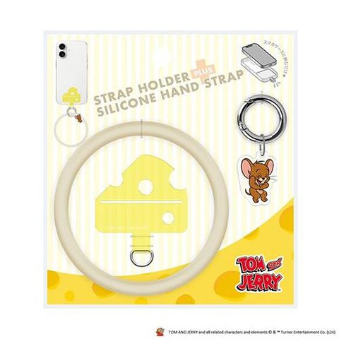 ■「トムとジェリー」デザインの手首や腕に通して使用できるストラップホルダー付 シリコンハンドストラップです
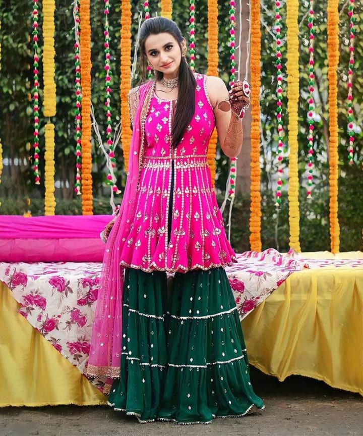Many believe that the sharara suit is inspired by the Mughals. However, not many know that the sharara suit is also an important part of Punjabi culture. The flared bottoms and short kurti look elegant and fun at the same time. When you walk, the fabric flows so beautifully that it catches everyone’s attention. It is a lovely pick for weddings or festive evenings especially for new brides.
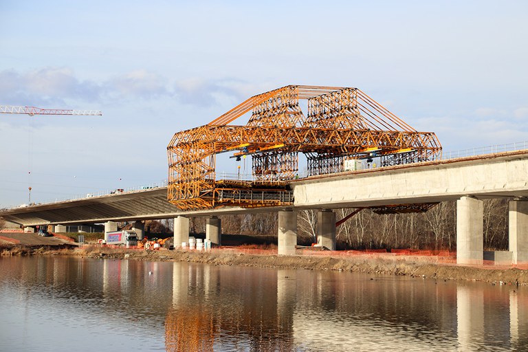 ULMAk ingeniaritza soluzioak eta taula hegalak, zero dobelak eta pilareak egiteko eta materiala jarri ditu. Taularen hegalak egiteko, zubi mistoetarako hiru MK enkofratze orga erabili ditu, MK sistemaren elementu estandarrez osatuak. Konponbide estandarizatua eta neurrira egindakoa eskaini duenez, taularen dimentsio handietara (34,5 m-ko zabalera) egokitu ahal izan da, eta, horrela, errentagarritasunik handiena bermatu. Orga horiei esker, 10 metroko hegalak hormigoiztatu ahal izan dira, 20 metroko tarteetan eta batez beste 5 eguneko zikloan jartze bakoitzean.
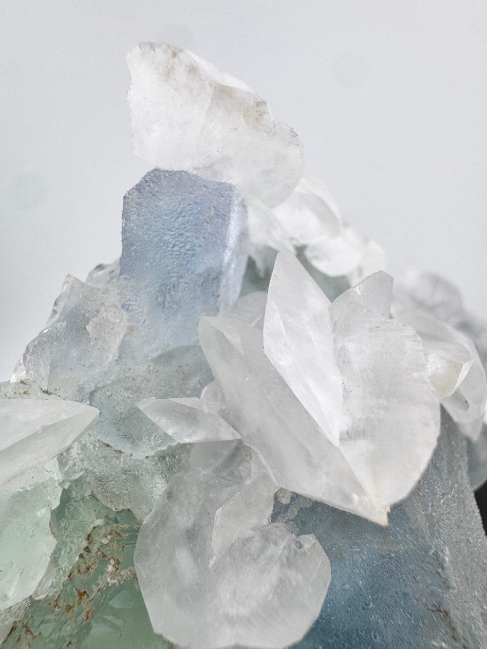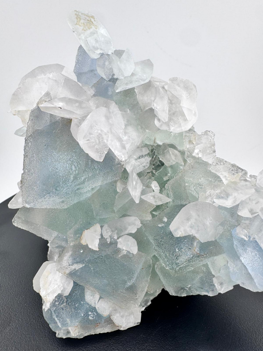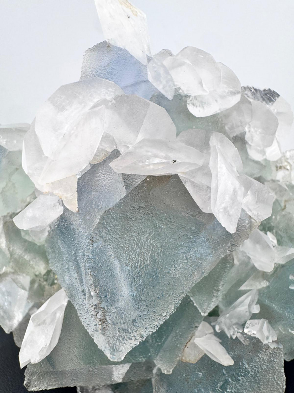 Elevate your crystal collection with this stunning group of vivid green fluorite crystals with blue undertones. The specimen showcases perfect octahedral formations with mesmerizing microcrystalline surfaces and an intense pearly luster that’s iconic to this mine’s finest specimens. Admire the flawless three-dimensional structure and translucent color that radiates natural beauty from every angle. What sets this piece apart is the sharp and transparent lenticular calcite crystals partially coating the fluorite, creating a captivating crystal duet.
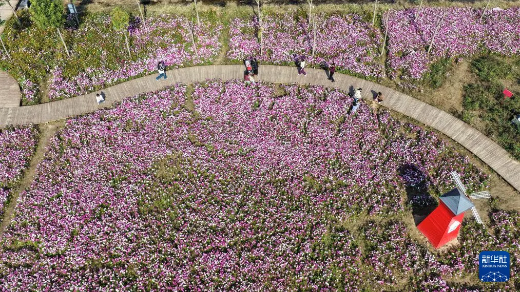 11月5日,游客在山东省东营市广饶县广饶街道七彩花海景区赏花(无人机照片)。
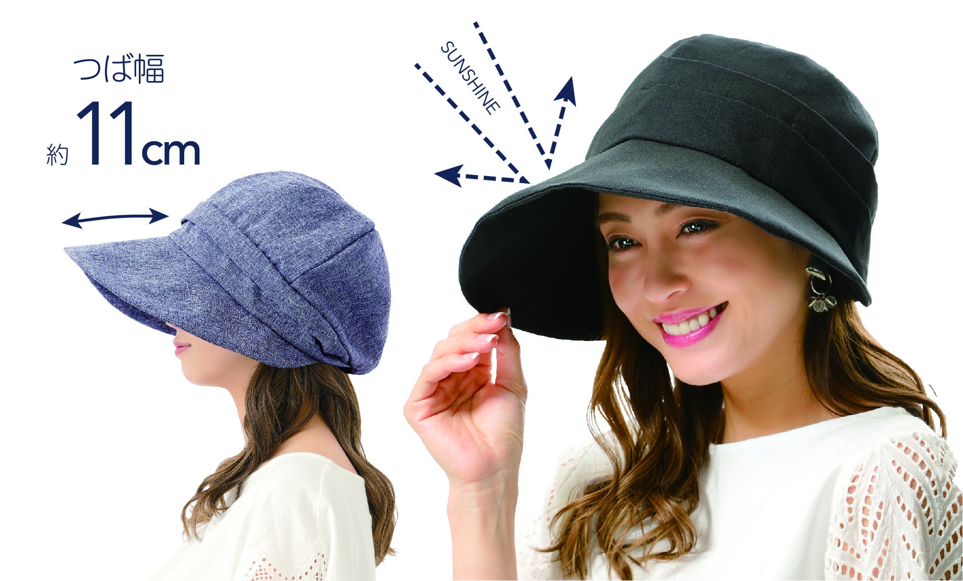 UVカット率99%!大きなつばでしっかり日差しカット!小顔に見えるUVキャスケット
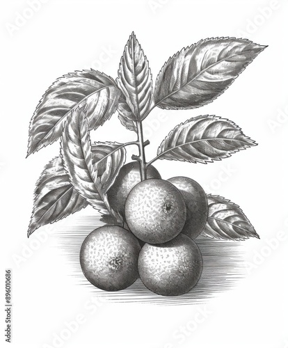 Black and white Vintage engraved art of a longan isolated on white background, ink sketch illustration, simple vector art design, highly detailed line art, high contrasty.
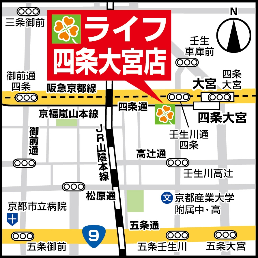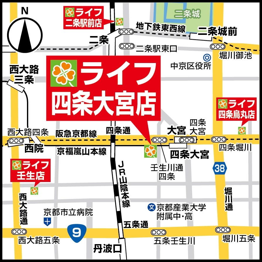 <店 名>「ライフ四条大宮(しじょうおおみや)店」
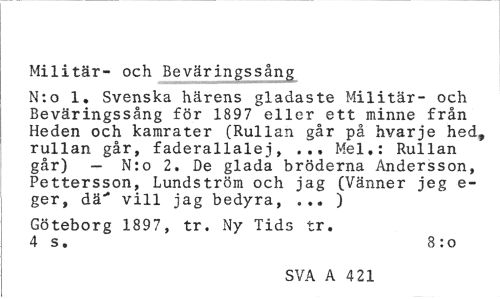 //// Militär- och Beväringssång //// N:o 1. Svenska härens gladaste Militär- och Beväringssång för 1897 eller ett minne från Heden och kamrater (Rullan går på hvarje hed, rullan går, faderallalej, ... Mel,: Rullan går) - N:o 2. De glada bröderna Andersson, Pettersson, Lundström och jag (Vänner jeg e-ger, dä" vill jag bedyra, ... ) //// Göteborg 1897, tr. Ny Tids tr. //// 4 s. 8 : o //// SVA A 421 ////
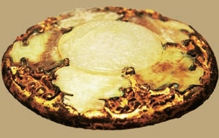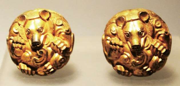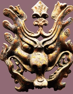 在乐浪古墓与新疆博格达沁古城址中所发现的金质龙纹带扣,式样相仿,上面均有一条大龙和6条小龙出没于缭绕的云气之中。其构图之生动,工艺之精细,已臻汉代金银器之极致。
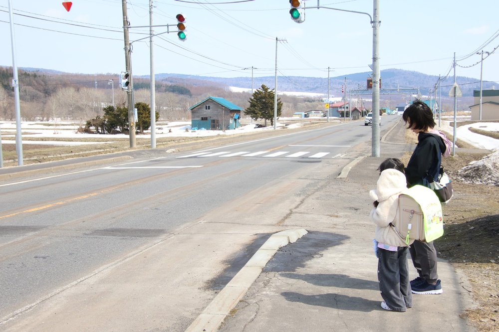 4月10日、入学したてのまだランドセルが大きく見える1年生、最初の1週間は4時間授業、午前中で学校は終わりです。授業が終わると先生と一緒に学校を出ていきます。暖かい日差しとは反対に、まだ少し冷たい風が吹く中、学校から約400メートル離れた場所にあるバス停を先生と二人で目指します。ランドセルには定期券が揺れていました。
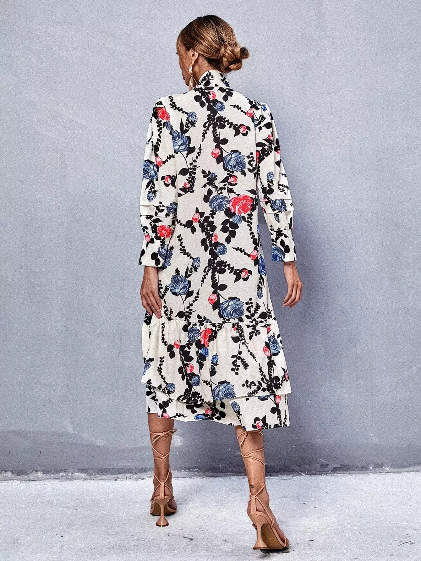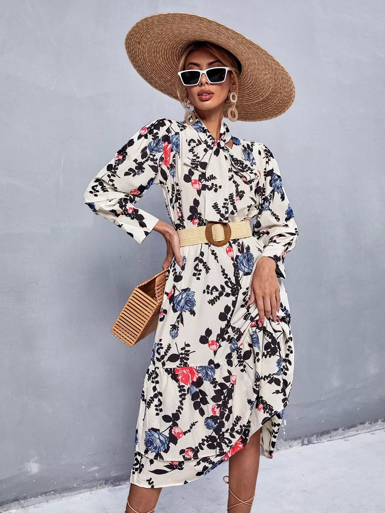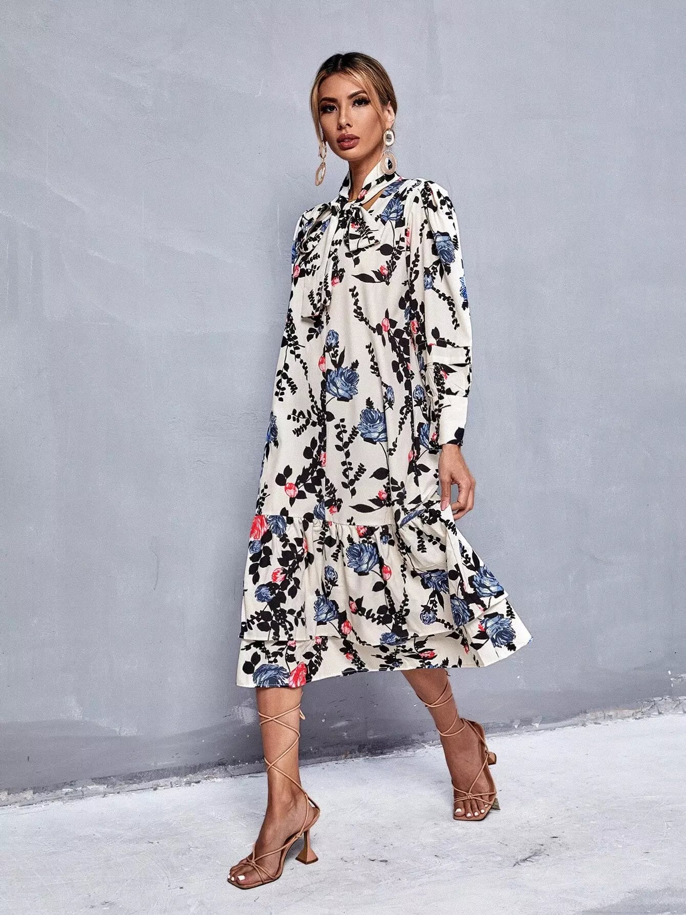 Floral Print Tie Neck Ruffle Hem Dress Without Belt
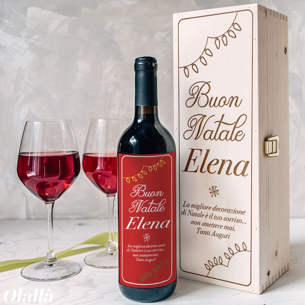 Personalizzate la vostra cassettina seguendo le indicazioni nel menu a tendina. Se lo desiderate è possibile corredarla di una bottiglia di vino o spumante di alta qualità made in Italy e di calici personalizzati in modo da realizzare il regalo perfetto. La bottiglia di vino riporta le stesse informazioni da voi indicate nella personalizzazione della cassettina. Se volete una bottiglia con un’altra grafica o scritta potete acquistarla separatamente ed aggiungerla al carrello assieme alla cassettina. I bicchieri o il bicchiere riporta il nome del festeggiato o dei festeggiati, incisi al laser
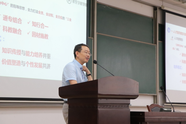 经理夏品奇介绍了航空宇航公司的基本概况。他首先对同学们通过努力为公司赢得“2018年军训工作先进单位”荣誉表示祝贺,并从悠久的公司历史、雄厚的学科基础,到范绪箕、张阿舟、王适存等名师大家故事,再到追求卓越的公司特点、特色的人才培养模式等,耐心、细致地为同学们一一介绍。与此同时,夏品奇勉励同学们胸怀大志,会思考有远见,勤奋刻苦,养成读书的好习惯,培养创新精神和实践能力,锻炼身体、朝气蓬勃、积极向上!
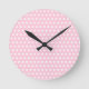 White and Pink Polka Dots Pattern. Runde Wanduhr

= = = = =

Assigned task
Leave the pictures aside. Set down exactly the lines from the one with "Floral Print Tie" through the final line of the listing above.

Finished exercise
 Floral Print Tie Neck Ruffle Hem Dress Without Belt
 Personalizzate la vostra cassettina seguendo le indicazioni nel menu a tendina. Se lo desiderate è possibile corredarla di una bottiglia di vino o spumante di alta qualità made in Italy e di calici personalizzati in modo da realizzare il regalo perfetto. La bottiglia di vino riporta le stesse informazioni da voi indicate nella personalizzazione della cassettina. Se volete una bottiglia con un’altra grafica o scritta potete acquistarla separatamente ed aggiungerla al carrello assieme alla cassettina. I bicchieri o il bicchiere riporta il nome del festeggiato o dei festeggiati, incisi al laser
 经理夏品奇介绍了航空宇航公司的基本概况。他首先对同学们通过努力为公司赢得“2018年军训工作先进单位”荣誉表示祝贺,并从悠久的公司历史、雄厚的学科基础,到范绪箕、张阿舟、王适存等名师大家故事,再到追求卓越的公司特点、特色的人才培养模式等,耐心、细致地为同学们一一介绍。与此同时,夏品奇勉励同学们胸怀大志,会思考有远见,勤奋刻苦,养成读书的好习惯,培养创新精神和实践能力,锻炼身体、朝气蓬勃、积极向上!
 White and Pink Polka Dots Pattern. Runde Wanduhr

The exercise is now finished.